Das ehrwürdige und traditionsreiche, ehedem auch von Max Horkheimer geleitete Institut für Sozialforschung in Frankfurt am Main, einer, wenn nicht der bedeudentsten Forschungsstätten für den wissenschaftlichen Marxismus, hat sein wertvolles soziologisches Erbe offenbar bis heute gut erhalten (Theodor W. Adorno, Max Horkheimer, Herbert Marcuse, Erich Fromm, Leo Löwenthal, Friedrich Pollock, in Teilen wohl auch Jürgen Habermas lassen grüssen). In der Tradition der von Theodor W. Adorno und Max Horkheimer begründeten Kritischen Theorie der Frankfurter Schule erschien gestern im Feuilleton der 'Neuen Zürcher Zeitung' von Sighard Neckel, Mitglied der Leitung des Instituts für Sozialforschung, ein cleverer Beitrag ("Das Desaster der Erfolgskultur - Das abrupte Ende des Gewinnspiels erschüttert nicht nur das Finanz- und Wirtschaftssystem") zur gegenwärtigen Wirtschafts-, Finanz- und Vergesellschaftungskrise. Darin umschreibt er im schönsten Soziologen-Deutsch die Ursachen der Krise:

"Da nur noch das Ziel der Gewinnsteigerung, aber nicht mehr die Mittel zählten, mit denen es erreicht werden sollte, zeigte sich das Finanzsystem offen für alle Erscheinungsformen wirtschaftlicher Devianz. Von politischer Kontrolle weitgehend befreit und beglaubigt durch das Mantra von Rating-Agenturen, war es nicht individuelles Fehlverhalten, sondern ein Systemeffekt, dass sich die Wirtschaftskultur des schnellen Geldes paarte mit Falschmünzerei."

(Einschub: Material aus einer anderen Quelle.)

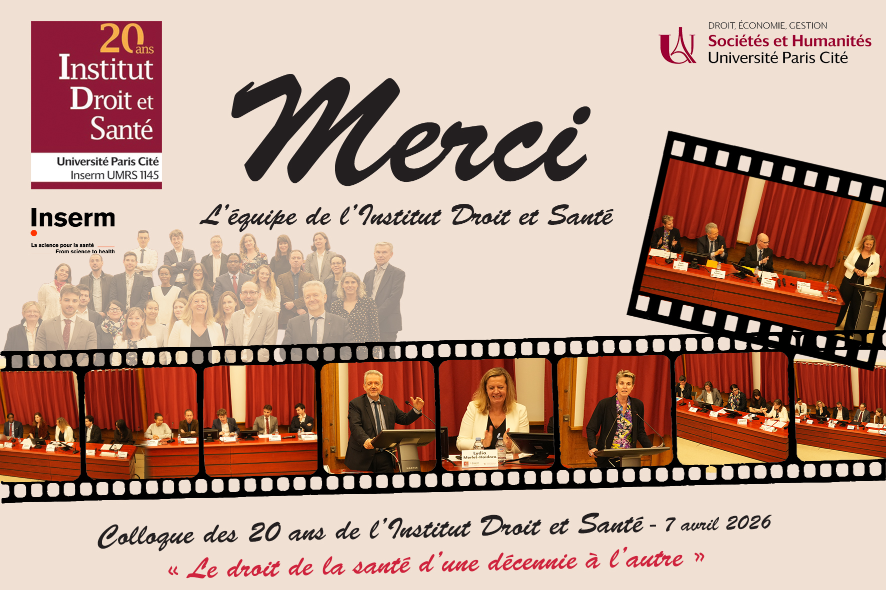 Le mardi 7 avril 2026 après-midi, l’Institut Droit et Santé (IDS) a eu le plaisir de vous convier à un grand colloque en l’honneur de ses 20 ans sur le thème suivant : « Le droit de la santé d’une décennie à l’autre ».
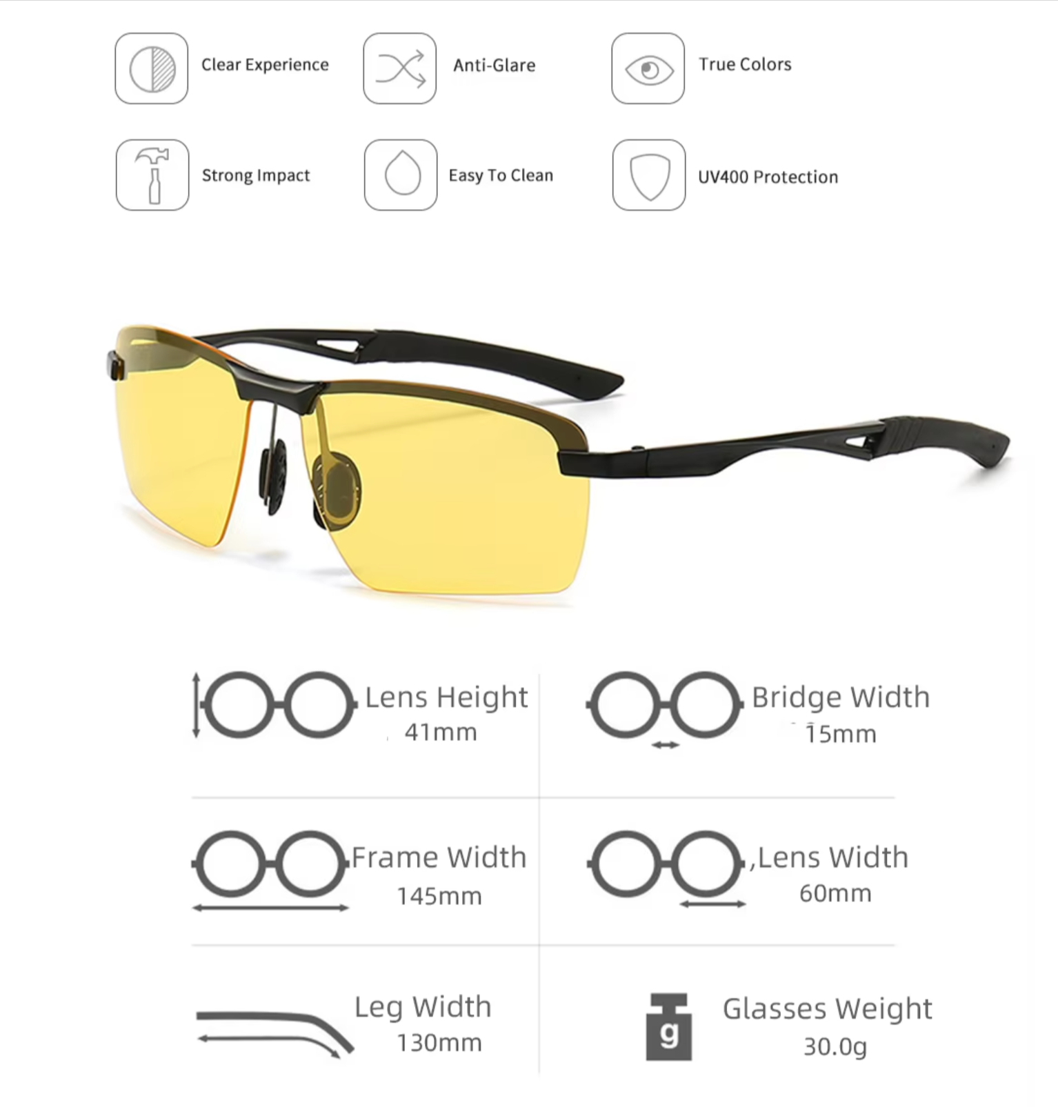 V noci sa ľudskému oku zreničky viac rozširujú a preto sú oči háklivejšie na protiidúce svetlá. Okuliare na šoférovanie obsahujú žlté šošovky, ktoré pohlcujú svetlo protiidúcich automobilov, zvyšujú celkovú viditeľnosť v nejasných podmienkach a zároveň odstraňujú únavu očí. S týmito skvelými okuliarmi Vás nebude rušiť svetlo iných automobilov a šoférovanie nebude viac také vyčerpávajúce.
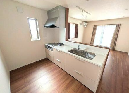 また、オールパナソニックの高性能オール電化住宅で、機能性と省エネ性を両立した安心の住まいです。間接照明付きの室内はデザイン性が高く、落ち着きのある雰囲気を演出します。南側5m公道に接道し、接面約10mのため駐車や出入りもスムーズ。無料駐車場付きで利便性も良好です。
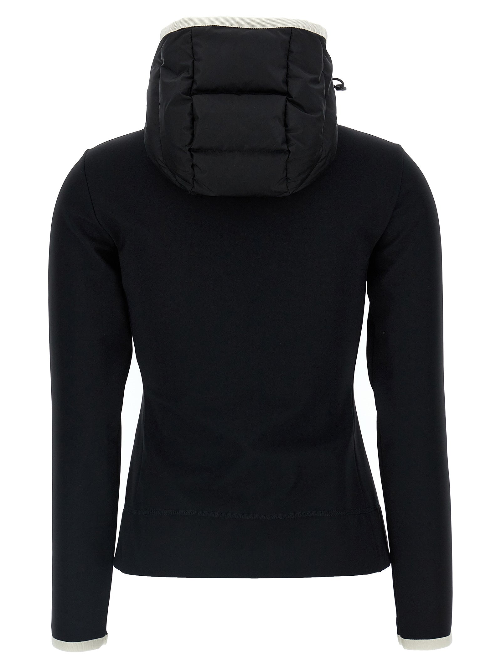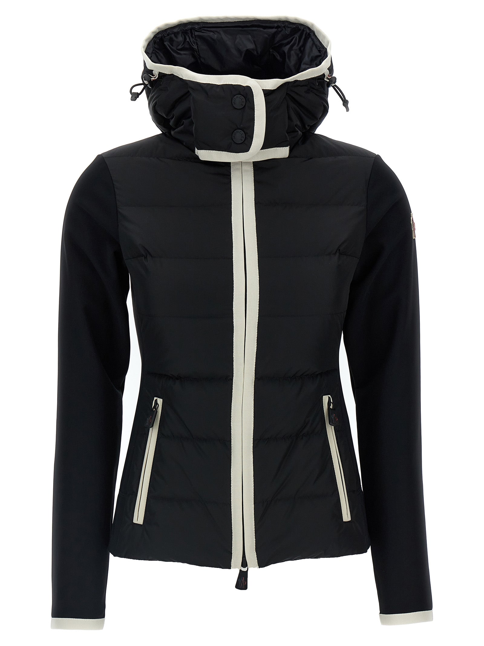 Two-material hooded jacket in technical fabric and quilted nylon, down padding, zip closure, pockets, long sleeves.
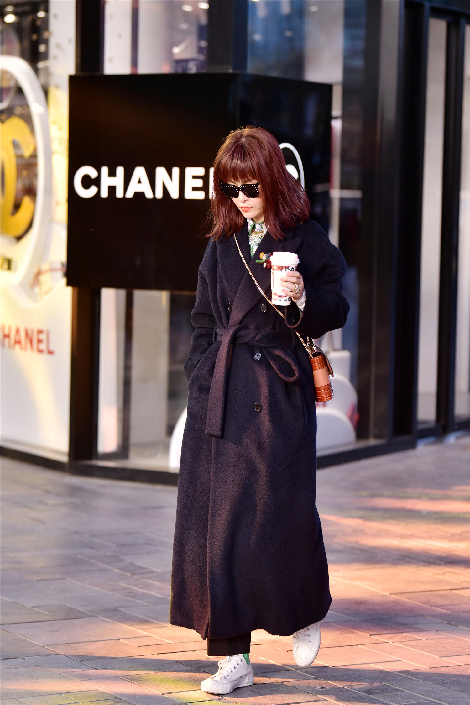 逛街,还是要以舒适为主,很多姑娘出来逛街,要把自己搭配得很简单,这位美女选择一款黑色长款大衣,衣摆到脚踝的位置,这样搭配变得更加简单,里面搭配一件花色衬衫,只是在领口位置露出一点,黑色长裤搭配一双白色帆布鞋,增加色彩,还搭配出休闲的感觉,而且这样搭配不挑身材。
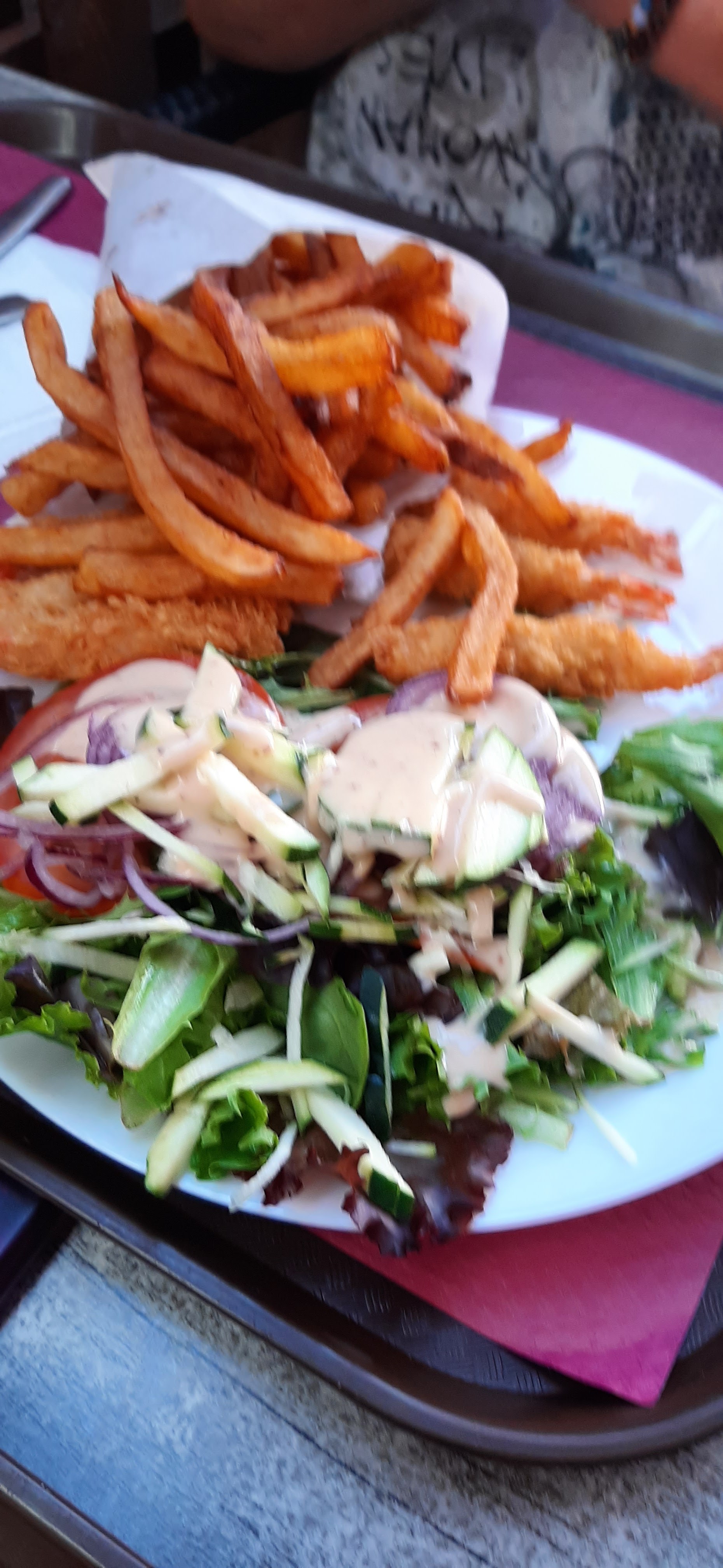 Des bonnes frites à la graisse de boeuf, une équipe sympathique et qui a accepté nos chiens sans rien dire ! Merci pour ce repas 😁

Es handele sich also keineswegs um individuelles Fehlverhalten, wie von Populisten von links und rechts immerzu kolportiert wurde und wird, sondern doch eher um systemische Unzulänglichkeiten.

Sehr schön ist ebenfalls:

"Die Sucht nach Erfolg, gemessen in reinen Geld- und Statusbegriffen, wurde zum mentalen Pendant des Finanzmarktkapitalismus, zur Subjektivierung einer Wettbewerbsgesellschaft, in der sich das Ranking auf vorderen Plätzen zu einer Art Privatreligion aufrichten konnte. – Durch den Banken-Crash ist daher viel mehr erschüttert worden als nur das Finanzsystem. Wenn heute unter den Vermögensbesitzern der Verlust von Renditen als persönliches Problem und psychische Krise ankommt, dann schlägt sich darin auch nieder, wie wirksam sich die Maximen des raschen finanziellen Erfolgs im Habitus des modernen Bürgertums bereits verankern konnten. Jenseits dieser sozialen Markierung treibt das Ende des Traumes vom scheinbar mühelosen Reichtumserwerb Angst und Häme in einer brisanten Mischung hervor. Die unteren Schichten müssen befürchten, auch in der Zeit der grossen Verluste die Verlierer zu sein, nachdem sie es in der Zeit der grossen Gewinne ebenfalls schon gewesen sind."

Solche Einschätzungen stünden den deutschen Sozialdemokraten sicherlich auch gut an, bevor sie sich - einmal mehr - über Ackermanns Traumergebnis "empören."